(192ad) Qsars for Predicting Adipose:Blood Partitioning of Industrial Chemicals

Papadaki, K., Aristotle University of Thessaloniki
Karakitsios, S., Aristotle University of Thessaloniki
Sarigiannis, D., Aristotle University of Thessaloniki
In recent years, there is an increasing interest in the development of Physiologically Based Toxicokinetic (PBTK) models, which provide quantitative descriptors of Absorption, Distribution, Metabolism and Excretion (ADME) of environmental or pharmaceutical chemicals. However, their application in toxicity testing and health risk assessment is limited due to the lack of input parameters required for their development, especially when these systems comprise comprehensive mathematical descriptions of human physiology. Proper parameterization of PBTK models can be achieved using advanced Quantitative Structure-Activity Relationships (QSARs). QSARs are widely used for the estimation of physicochemical and biochemical properties of “data poor” chemical compounds, biological effects as well as understanding the physicochemical features governing a biological response. These relationships are described as regression or classification models, which connect the biological effects and chemistry of each chemical compound and comprise the activity data to be modeled, the data with which to model and a method to formulate the model.

Several approaches incorporating QSARs have been proposed for the prediction of partition coefficients for PBTK modeling, including

(a) an algorithm based on the fractional content of cells, interstitial fluid in tissue, plasma and erythrocyte in blood, tissue lipids and the lipophilicity of chemical compounds and

(b) the Linear Free Energy Relationship (LFER), proposed by Abraham and co-workers, for estimating biological properties, which takes into account excess molar refractivity, polarizability, solute effective or summation hydrogen-bond acidity and basicity, as well as the McGowan characteristic volume. The latter is a measure of the lipophilicity for chemical compounds.

Adipose/blood partition coefficient is considered as one of the most significant input parameters of PBTK models. The partitioning of chemical compounds into adipose tissue and blood provide information regarding distribution and toxicological effects of these substances.

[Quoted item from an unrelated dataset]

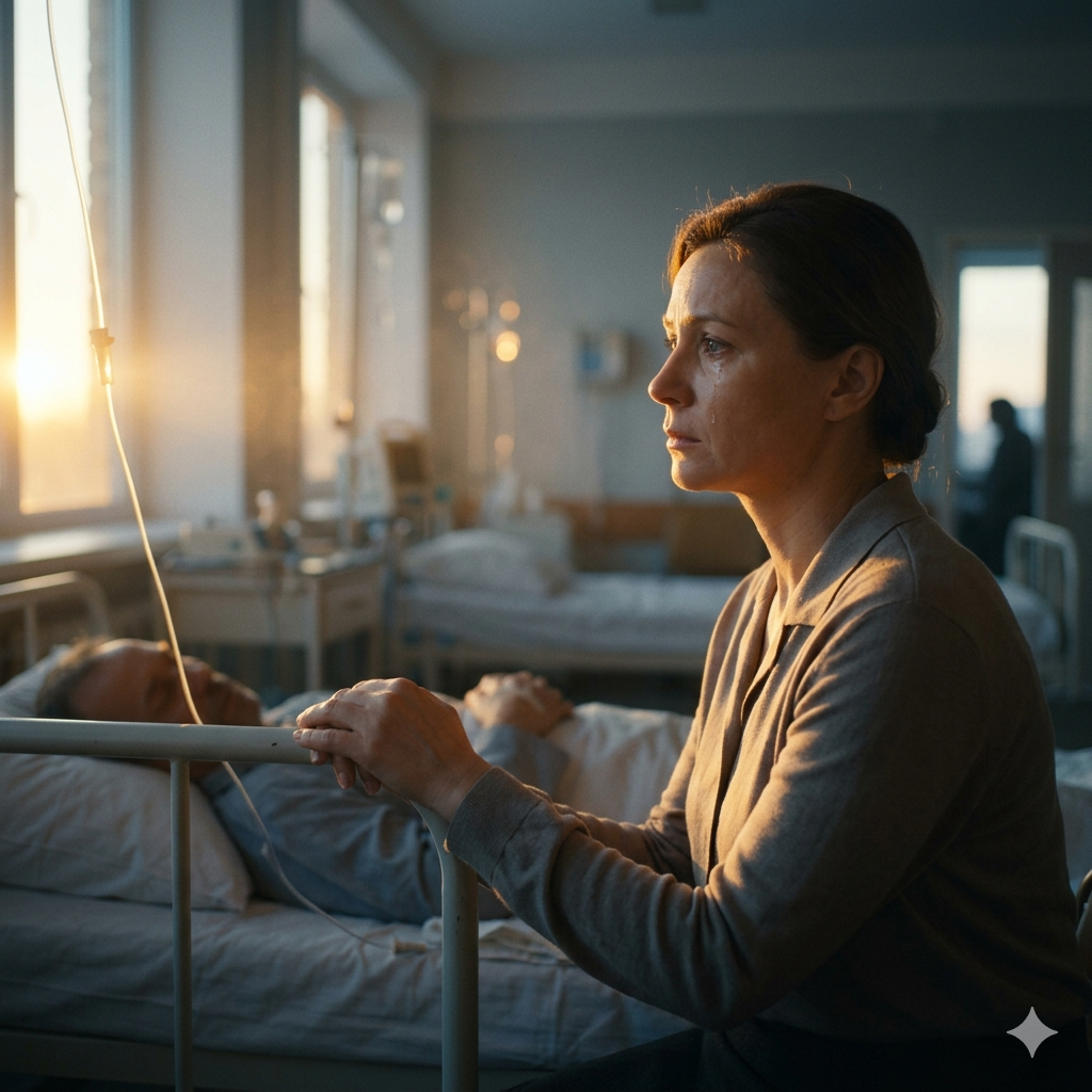 Пришлось перебираться то в кресло на коридоре, то в ногах у мужа подремлю. Первую неделю, пока лежала в больнице к соседу по палате только два человека пришло: две девушки. Одна постарше, примерно ровесница нашего сына, а вторая помоложе — лет 18. Первая повздыхала, посидела и ушла. А вот вторая и пробовала кормить, и памперсы меняла, и постель поправит. И все плакала.

The methodological approach presented in this study is based on the development of QSAR models to predict adipose/blood partition coefficient for environmental chemical compounds. The necessary input data for the models to be trained consisted of the experimental values of adipose/blood partition coefficient and two sets of molecular descriptors for 67 environmental chemicals of the initial set; a) the descriptors from Linear Free Energy Relationship (LFER) and b) the PaDEL descriptors. The PaDEL dataset included 1D, 2D and 3D descriptors, which are related to the molecular structure of the chemicals and are characterized as constitutional, topological, geometrical or electronic. The reduction process was followed for the derived molecular descriptors in order to avoid the semi-constant (>80%) and intercorrelated (>95%) ones. Principal Component Analysis (PCA) was used for further reduction of PaDEL inputs, as well as for the categorization of chemical compounds.

The datasets were randomly divided into the training set, containing 70% of the total data, the validation and the test set, each one representing 15% of the total. Then, they were analysed using two statistical methods; Genetic Algorithm based Multiple Linear Regression (GA-MLR) and Artificial Neural Networks (ANN). GA was implemented for the selection of the optimal set of descriptors for the models. The GA-MLR technique was implemented in the QSARINS software (Gramatica, Chirico et al. 2013, Gramatica, Cassani et al. 2014), while the ANN technique was implemented in MATLAB® (version R2016a, Mathworks Inc) using the Neural Network Toolbox.

The developed models with the LFER and PaDEL descriptors, coupled with ANN, produced excellent performance results. The fitting performance (R2) of the models, using LFER and PaDEL descriptors, was 0.94 and 0.96, respectively. Cross Validation (CV) indicated that the predictive performance of the models (Qcv2) was equal to 0.96 and 0.95, while the external validation value (Rext2) was found to be 0.98 and 0.94 for LFER and PaDEL model, respectively. The Applicability Domain (AD), which defined the limitations regarding the structural and target domains of the models with the best performance, was determined using several approaches, including bounding box, bounding box on PCs, convex hull, leverage, distance to centroid, k Nearest Neighbors (kNN) approach with fixed k, k Nearest Neighbors (kNN) approach with variable k, Probability Density Function (PDF) based methods. Finally, the developed models were applied to a large number of chemical compounds with unknown values of adipose/blood partition coefficient.

The proposed models for the estimation of adipose/blood partition coefficients were checked for their fitting performance, validity and applicability. It was found that they are stable, reliable and capable to predict physicochemical parameters of “data poor” chemical compounds that fall within the applicability domain. The developed predictive models could serve as a tool to fill in data gaps of environmental chemicals with unknown values of adipose/blood partitioning. In this way, animal testing could be reduced significantly and the wide use of PBTK models could be reinforced. Finally, the “safe-by-design” concept for environmental chemicals is supported, by allowing the successful prediction of toxicokinetic behavior based on molecular parameters, promoting green chemistry and cost saving of product development.